TLDR: LWT sucks for Japanese.
If you use the free LINGQ and export your vocab items with Rikaisama into ANKI, you got basically the paid LINGQ with a perfectly configurable SRS.
Or you just read a lot and don't bother with SRS at all, and use Yomichan or Wakan.
andikaze wrote:
I gave up on LWT a long time ago. Such a hassle to install and set up everything including MECAB, and then you have to fiddle around with your words inside the program as well. The author was zero supportive in this matter, nobody seems to know it anyways, so I don't see Japanese with LWT getting any better in the near future (or at all).
TLDR: LWT sucks for Japanese.
If you use the free LINGQ and export your vocab items with Rikaisama into ANKI, you got basically the paid LINGQ with a perfectly configurable SRS.
Or you just read a lot and don't bother with SRS at all, and use Yomichan or Wakan.
It took me less than a minute to install LWT. I didn't install mecab, I jut use this. http://nihongo.dpwright.com/spaces/index.php
My only complaint is that I can't find a dictionary file I can easily import into it, because LWT only recognizes csv and tsv, and even that not very well. So someone will just have to write a program to convert EDICT-format or something like that to a csv that works. I might do it, but I'm not sure when I'll get around to it. I'll post it if I do.

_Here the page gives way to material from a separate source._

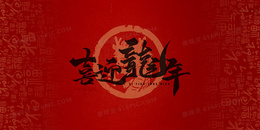 红色卡通龙年福字底纹合成背景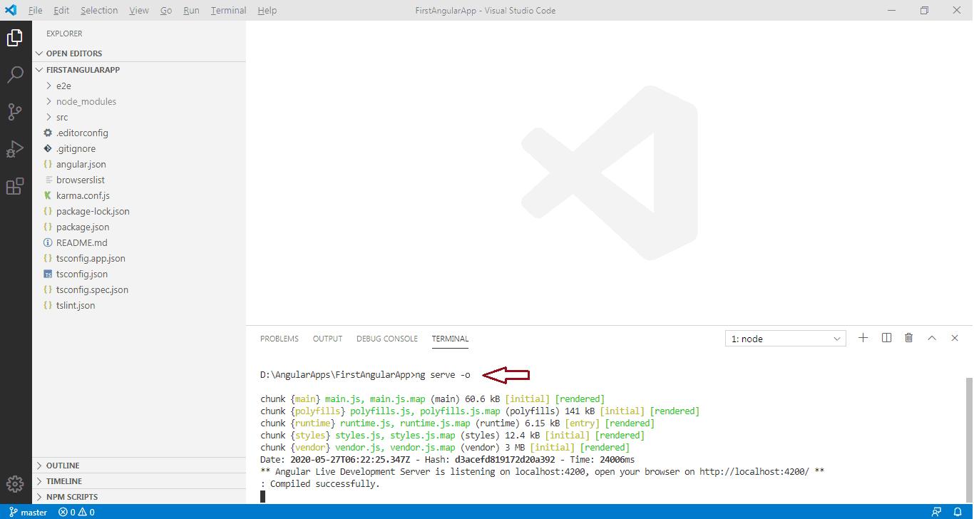 Open the terminal in VS Code from menu Terminal -> New Terminal, and type ng serve -o command and press enter, as shown below.

Thought you could set up dictionary URLs in LWT somewhere. I used Wadoku.de when I tried it out.
Stansfield123 wrote:
RawToast wrote:
I guess that core extended deck with 17 or 27k entries? I don't think any of the text analysis files have translations.
I've found some JLPT (level 2 through 4) vocab files with about 6-7000 entries total. When I imported them, they barely made dent in my sample text (it was still full of unknown terms). How many more would a Core deck have?
I think a Core deck will leave you with the same problem. Core 6k is pretty close to N2 in vocabulary so I doubt you'll get any further -- unless you need all those business/politics terms!
I guess you should start with an edict dictionary file from here instead:
http://www.edrdg.org/jmdict/edict.html
Since the edit file is simply a specially formatted text file, it shouldn't be too difficult to change the separator. Notepad++ struggles with the size of the file, so I couldn't really get a look at how verbs are handled.
andikaze wrote:
Thought you could set up dictionary URLs in LWT somewhere. I used Wadoku.de when I tried it out.
You can. Not what I'm trying to do though. I'm trying to import a dict. file into the database itself, using the "import terms" feature.